登録日:2026/03/25 Wed 15:43:21
更新日:2026/06/15 Mon 03:20:30
所要時間:約 3 分で読めます





一気通貫(イッキツウカン)とは、

1.麻雀の役の1つ
2.一般用語として用いられる四字熟語

このページではそれぞれ解説する。


1.麻雀用語の「一気通貫」

麻雀における役の1つ。略して「イッツー」とも呼ばれる。

一種類の数牌(萬子、筒子、索子のいずれか)で、「123」「456」「789」の順子をすべて揃えることが成立条件。
他の面子及び雀頭は自由。
役は2翻、鳴いた場合は1翻に食い下がる。

英語名は「Full Straight」。ポーカーの役と発想は似たようなものである。

1から9まで一直線に繋がる見た目の綺麗さと分かりやすい条件が特徴。
しかしその分かりやすさとは裏腹に、狙って成立させるとなると窮屈な面が顕になる。

1. 他家に必要牌を使い切られやすい
麻雀において3や7のいわゆる「尖張牌」は順子のキー牌であり、また赤ありにおいては赤5の周辺である4や6も相手からの需要も高い牌となる。
123や789など端牌中心で作ることも出来る三色同順と比べ、一気通貫においてこれらは必須となるため、他家が抱えて使い切ってしまうケースが多い。
反対に1や9の端牌は序盤から捨てられやすく、これもまた山に残っていないという例も起きやすい。
そのためテンパイに持ち込むまでのスピードが他の役に比べて遅くなる傾向にあり、ようやくテンパイしたと思いきや待ち牌が山に存在しないこともあり得る。

2.待ちの形が悪くなりやすい
これは三色同順も同様だが、例えば12や89といった辺張(ペンチャン)待ち、13や46といった嵌張(カンチャン)待ちがどうしても多発する。

3.鳴いてまで成立させる意味の薄さ
他の多くの2翻役と同様、一気通貫は一度でも鳴くと2翻から1翻へと価値が落ちてしまう。
9枚揃えて成立したとてタンヤオ役牌と同じ1翻になってしまうため、途端に労力に見合わなくなってしまう。

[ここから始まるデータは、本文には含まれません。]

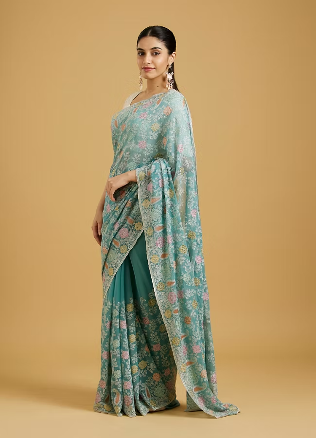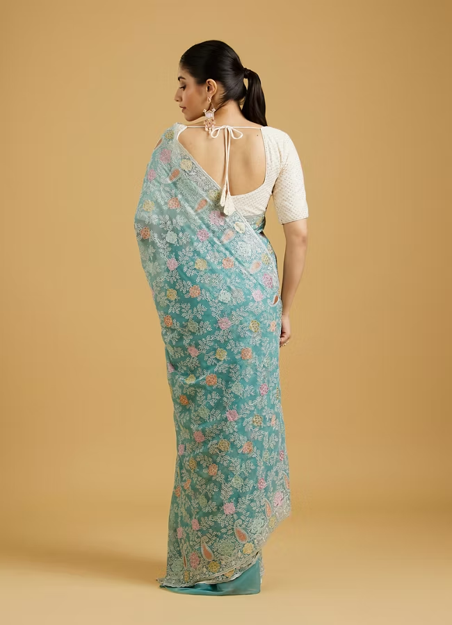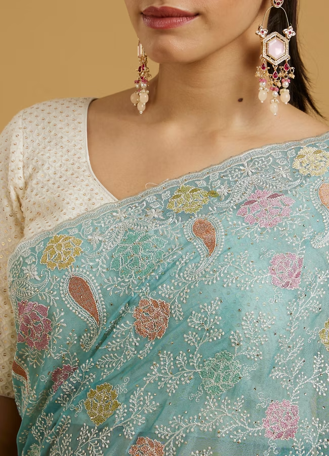 - DescriptionDelve into the elegance of this chic Light Blue Organza saree. Exuding an alluring charm, its soft colors and delicate fabric enhance your grace at every stride. Perfect for any special occasion or even a classy day out. The saree is your ideal companion to radiate a charismatic persona. Pair it with a contrasting blouse and traditional accessories for a complete look.

融通が効かない窮屈な役であるのは否めないが、勿論この役にもメリットはある。

それは「高打点になりやすい」こと。
門前で仕上げれば2翻となり、リーチをかければ子5200、親7700以上とそれなりの打点になる。リーチツモであれば子2000・3900、親なら3900オール以上が確定する(切り上げ満貫を採用しているルールでは最低満貫となる)。リーチ平和ツモ一通であれば+1翻で跳満になり、裏ドラがその後押しとなることも珍しくない。
鳴きの場合、タンヤオ以外と複合させづらい三色同順とは違い、14枚中9枚を一種類の数牌で固定させる都合染め手と組み合わせやすいのもメリット。混一色は+役牌や+ドラ1等で3翻になりやすく、清一色は他の役との複合は難しく鳴く場合5翻止まりになってしまうことが多いため、点数アップとなる残り1翻の上乗せを目当てに狙うのも良い。

頑張って作るのは困難であり、積極的に狙うべき役ではないが、満貫や跳満を作りたい時には頭の片隅に入れておきたい役である。例えば、打点が欲しい場面では特に125679のような形からすぐに9を切らず、残して一通の種にすることも考慮に入れたい。
また、どうしてもアガりたい時に124689のような形があるときは鳴き一通を見るのも手。3種類全部鳴くのは困難だが2種類ぐらいは鳴けるときは鳴けるので、テンパイまでは案外たどり着きやすい。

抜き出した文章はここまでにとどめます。